Énième copie casse-gueule de Mad Men ? Il est très rapidement évident que non : si les deux séries se déroulent à peu près à la même époque, Magic City ne s’intéresse pas du tout aux mêmes thématiques ni ne propose des personnages similaires. C’est donc l’histoire d’un hôtel, le Miramar Playa de Miami, ou comment son gérant en vient à devoir s’allier avec un boss de la pègre pour arriver à ses fins. Pas la peine de courir faire une réservation sur internet après avoir vu l’endroit dans la série, le fameux hôtel est une pure fiction, sorte de mélange de plusieurs autres hôtels que Mitch Glazer, le concepteur de la série, a longtemps étudié au cours de sa vie. On ne peut donc pas lui reprocher un manque de réalisme dans son approche. Tout comme on trouvera difficilement quoi que ce soit à redire à la réalisation, aux comédiens, ou à l’ensemble de la production value, tous absolument impeccable. Magic City, un immanquable donc ? Malheureusement non. Car le gros souci de la série se résume en une phrase : on s’attend à tout ce qui va se passer. Si les scénarios sont franchement bien écrits (les structures sont solides, les enjeux dramatiques forts) ils souffrent d’un manque d’originalité cuisant – surtout lorsqu’on sait que la série passe sur Starz, la chaîne à qui on doit tout de même le très radical Spartacus. Du coup, au lieu de nous tenir accroché à notre fauteuil, Magic City nous berce tendrement. Mais elle le fait avec un panache tellement agréable…
Final Score : 4/5
Magic City aurait pu être une très grande série si elle avait su nous surprendre à certains moments. Elle reste un programme d’exception, aux nombreuses qualités. Bref, j’attend quand même la suite avec impatience !

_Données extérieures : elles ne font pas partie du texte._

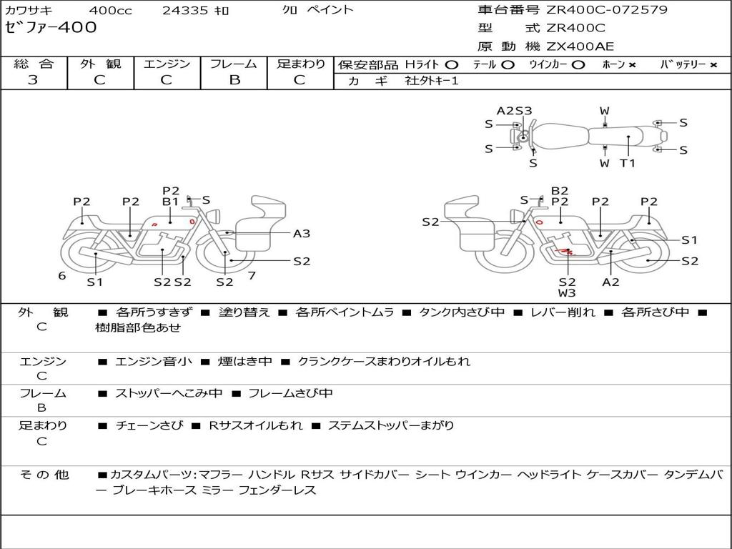 | Номер рамы / VIN | ZR400C-072579 |
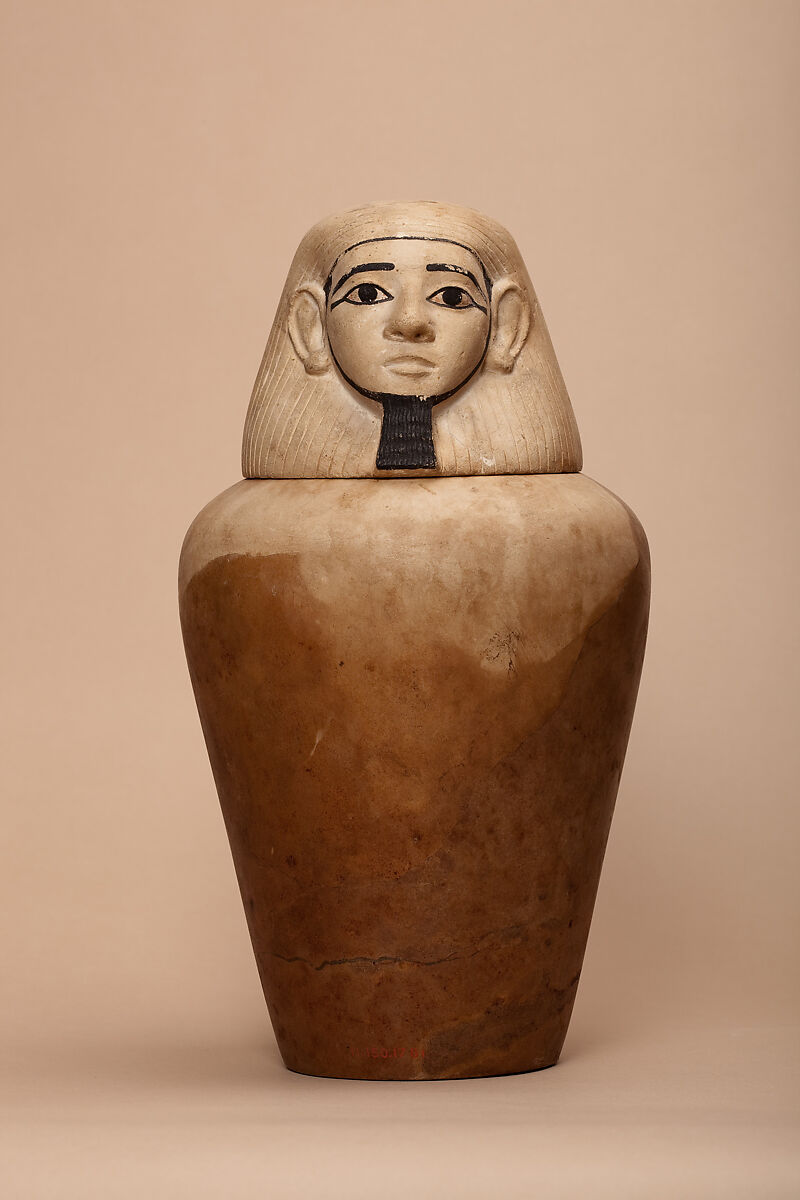 This Middle Kingdom canopic jar belongs to a set of four (11.150.17b–e), which were used to contain the viscera removed from the body during mummification. These four jars belong very probably to the burial of a mayor’s daughter called Nephthys (for her mummy, see 11.150.15c, and for her two coffins, see 11.150.15a, b). In earlier periods, canopic jars had simple disc-shaped or hemispherical lids. In the late First Intermediate Period to early Middle Kingdom, however, lids in the form of human heads were introduced.

Pouvait-on vraiment s’enthousiasmer pour Best Friends Forever, sitcom très “originale” sur la colocation entre deux filles que tout oppose mais qui sont les meilleures amies du monde (et accessoirement le mec de la brune qui vit avec elle) ? La réponse est fatidique : non. Et même si les personnages sont un peu plus décalés que d’ordinaire (merci Community), même si les situations prêtes à sourire, et même si la réalisation s’avère à peu près potable, rien ne viendra sauver cette énième sitcom des affres de l’oubli. De toutes façons, avec seulement six épisodes tout rond au compteur avant son annulation, il y a pas de quoi y passer une journée.
Final Score : 2.5/5
Tout juste la moyenne pour cette sitcom légèrement amusante mais franchement dispensable, qu’on aura déjà oublié dans moins de six mois. Mieux vaut passer une soirée avec ses amis que devant Best Friends Forever.
Enfin, voici la GROSSE nouveauté venue du canada qui a, sur son territoire, tout explosé sur son passage. Continuum, c’est donc une série de SF dans laquelle la sémillante Rachel Nicols (qu’on est assez content de retrouver) se voit propulsé du futur à notre époque à cause d’un groupe de terroristes qui ont l’air très très méchant. Ce qui est amusant, c’est qu’ils luttent contre le système des corporations et veulent rétablir une démocratie, tandis que notre héroïne est une bonne flic droit dans ses bottes, qui fait respecter la loi et ne se pose pas vraiment de question sur le reste (sauf sur sa famille, qui va bien lui manquer.) Bref, c’est là le vrai point original et intéressant de la série : l’héroïne est un soldat des “méchants” (selon tout bon récit de SF qui s’oppose aux dictatures) tandis que les méchants sont de vrais terroristes qui n’hésitent pas à tuer… mais avec de bonnes intentions. Seulement voilà, on ne sait pas trop quel est vraiment le point de vue des auteurs de la série et on se demande bien quel est réellement le discours sous-jacent de tout ceci. Mais bon, pour ça, il va falloir regarder la suite…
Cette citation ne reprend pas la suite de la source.